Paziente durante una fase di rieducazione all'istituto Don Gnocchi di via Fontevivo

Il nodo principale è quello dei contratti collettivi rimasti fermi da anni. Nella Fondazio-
---
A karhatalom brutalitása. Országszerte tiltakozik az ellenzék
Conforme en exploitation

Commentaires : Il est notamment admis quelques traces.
==
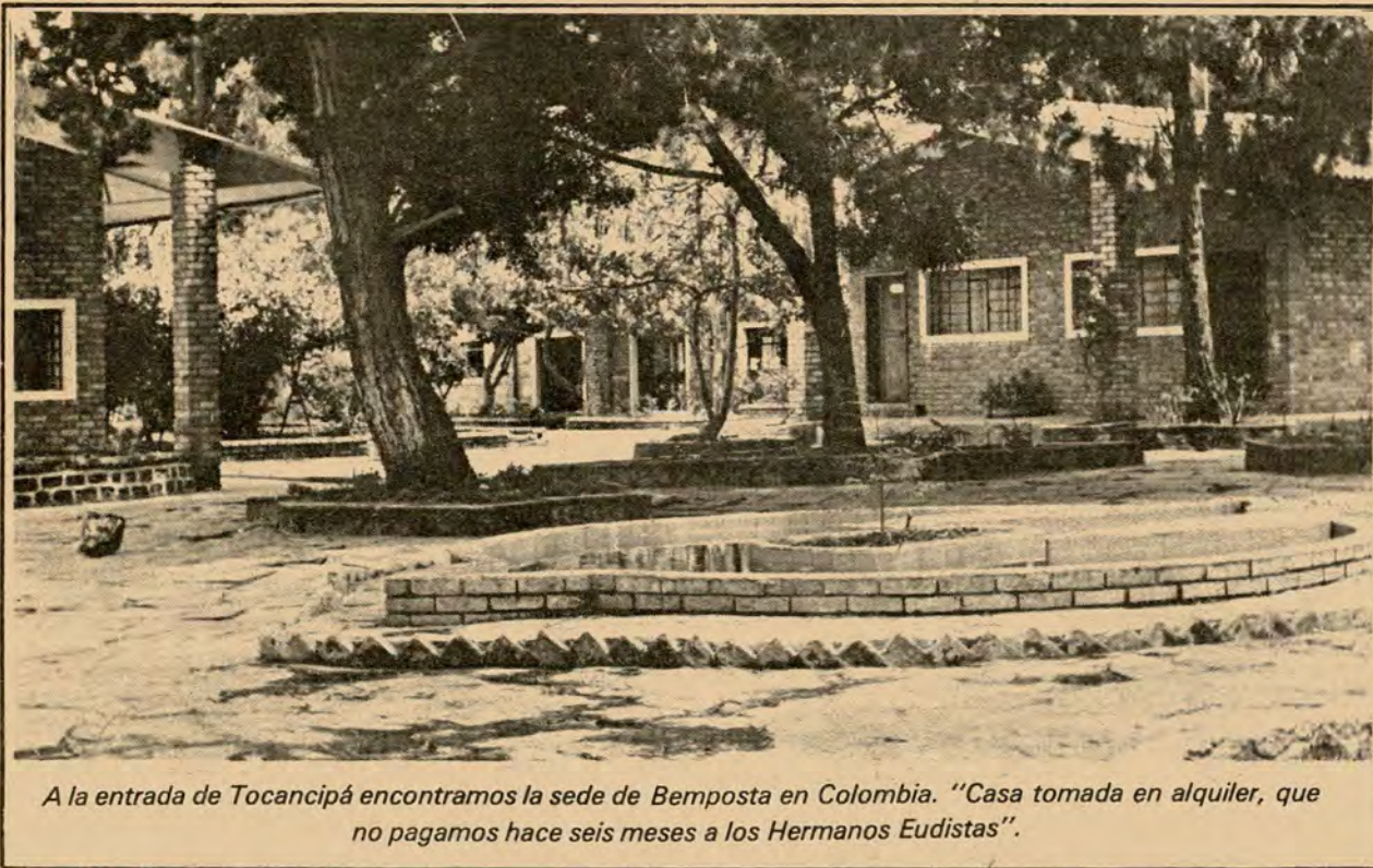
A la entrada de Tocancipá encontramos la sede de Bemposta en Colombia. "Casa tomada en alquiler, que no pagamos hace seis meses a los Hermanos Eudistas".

Exercise goal |
Copy the stretch of the records above that runs from the line with "Paziente durante una" through the line with "Il nodo principale". Both end lines belong in the copy, and nothing else does.

Written solution |
Paziente durante una fase di rieducazione all'istituto Don Gnocchi di via Fontevivo

Il nodo principale è quello dei contratti collettivi rimasti fermi da anni. Nella Fondazio-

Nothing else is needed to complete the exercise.